HR and L&D can contribute to successful implementation of AI by adopting the following three steps.
Stay attentive to trust. It forms the foundation of a competitive and healthy corporate culture. As Carnegie said, “Evidence defeats doubt.” Develop confidence in AI among employees by creating awareness of how it is being used successfully elsewhere. Assess, protect and build trust in senior leadership so that stakeholders can rest assured they will do the right thing when dealing with issues that will inevitably arise, such as ethics, security and privacy.

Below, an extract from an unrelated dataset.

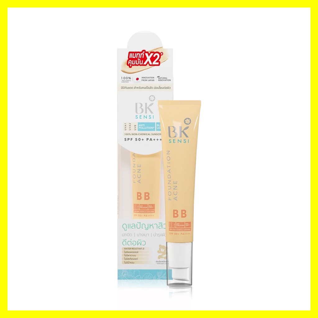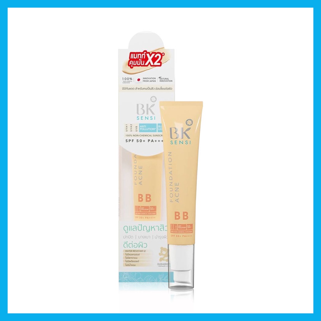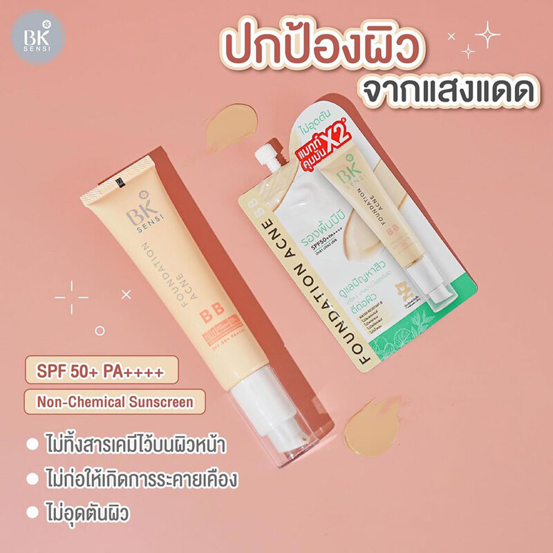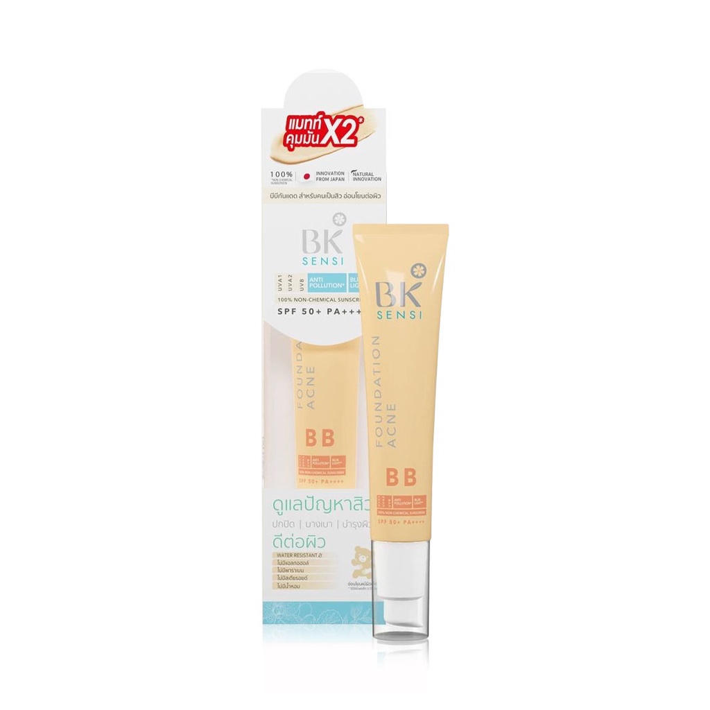 Cr.facebook.com/Bkmask123BK Sensi Foundation Acne BB SPF50+/PA++++ 35gบีบีครีมเนื้อบางเบา เกลี่ยง่าย ไม่เป็นคราบ ไม่อุดตัน ช่วยปกปิดผิวให้ดูเรียบเนียน เปล่งปลั่ง ควมบคุมความมัน พร้อมปกป้องผิวจากรังสี UVA และ UVB ด้วยค่า SPF50+/PA++++ รวมถึงรังสี IR จากจอคอมพิวเตอร์อีกด้วย
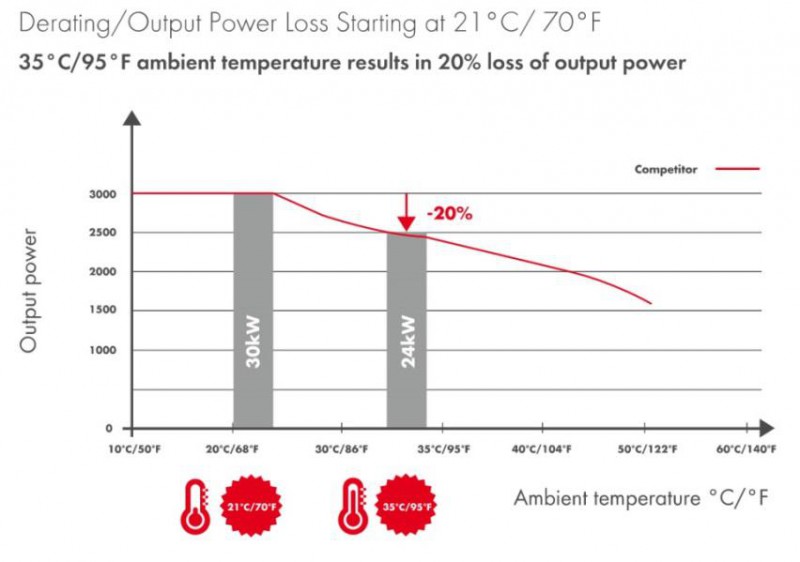 廉价的逆变器经常会在环境温度21℃时就有输出功率损失,它们无法处理光照下功率损失问题。

Bring a people-focused perspective to discussions about the implications of AI on the employee experience and engagement. HR and L&D leaders can sound the alarm when they see potential pitfalls, ensuring they are addressed early in the project. Also, they can look for opportunities to redesign the remaining work in ways that will strengthen employees’ connection to the organization’s purpose. Company leaders must clearly outline the value proposition in AI for their workforce.
Lay the foundation for success with the right training strategy. With AI’s implications in mind, now is the time for L&D leaders to assess skills gaps and identify how they can help their entire organization level up in the areas that will complement AI’s proficiencies.
There is unquestionably great promise for what can be achieved when people and machines combine their capabilities. Yet despite AI’s potential, most work — at least in the near-term — will still require a combination of human skills and technology, so when the discussion turns to AI, L&D leaders should be speaking up — not stepping out of the conversation.